COPYRIGHT(2013) Kirkus Reviews, ALL RIGHTS RESERVED.



Booklist

October 15, 2013
Meacham (Tumbleweeds, 2012) returns to her beloved Tolivers and Warwicks in this prequel to her first surprise best-seller, Roses (2010). Spanning more than six decades, Somerset takes readers back to 1835 as Silas Toliver and Jeremy Warwick, younger sons of wealthy plantation owners, prepare to leave South Carolina in search of greater fortune in Texas. In a classic Meacham twist, Silas is forced to marry Jessica Wyndham, a headstrong heiress who harbors abolitionist sentiments. Love eventually grows between them and they form the foundation upon which retired high-school English teacher Meacham built Roses. Though Meacham sets her tale against the backdrop of historical upheavals, even the Civil War takes a backseat to the Tolivers' domestic dramas full of intrigue and tragedy. Like many multigenerational sagas, Somerset aims for breadth, not depth, and loses a bit of steam as its original characters, whom Meacham develops with great care, cede the stage to a succession of offspring lacking similar spark.

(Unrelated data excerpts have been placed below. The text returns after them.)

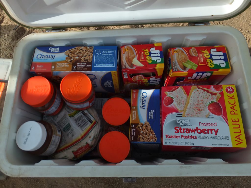 Vi kommer iväg strax efter kl. 8. Tog lite sovmorgon efter den sena dagen igår. Jag köpte lite smått och gott från trailmagicboxen, som en kille som kallar sig för Devilsfish har ordnat med. Det är även han som står bakom vattencachen.
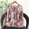 Dámské letní topy Literární volné bavlněné prádlo Květinová halenka s kulatým výstřihem Košile s krátkým rukávem
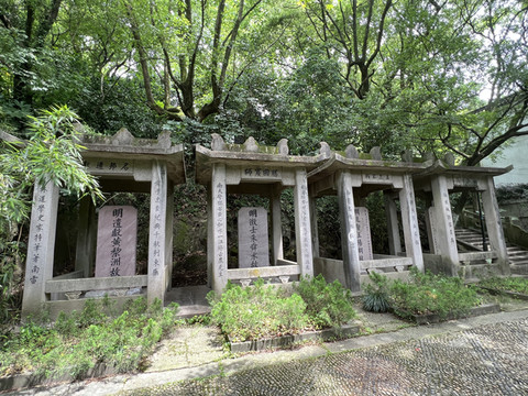 四先贤故里碑:为纪念余姚市先贤严子陵 王阳明 黄梨洲 朱舜水所建 故名 严子陵 王阳明两故里碑建于清乾隆十九年 朱舜水 黄梨洲两故里碑建于清末 四碑原置城西郊江边的“接官亭”处 抗战时期迁至旧县衙内的荷花池畔 后移至龙泉山南坡

To the author's credit, Jessica is a tough act to follow.(Reprinted with permission of Booklist, copyright 2013, American Library Association.)



Library Journal

June 1, 2013

This prequel to Meacham's best-selling debut, Roses, offers 150 years' worth of Tolivers, Warwicks, and DuMonts. Bereft of his inheritance, Simon Toliver leaves South Carolina's Plantation Alley and strikes out with friend Jeremy Warwick for a new territory: Texas. With a 100,000-copy first printing.

Copyright 2013 Library Journal, LLC Used with permission.



Library Journal

September 1, 2013

In this prequel to Meacham's best-selling debut, Roses, Simon Toliver leaves South Carolina's Plantation Alley and strikes out with friend Jeremy Warwick for a new territory: Texas. With a 100,000-copy first printing; pushed back from November.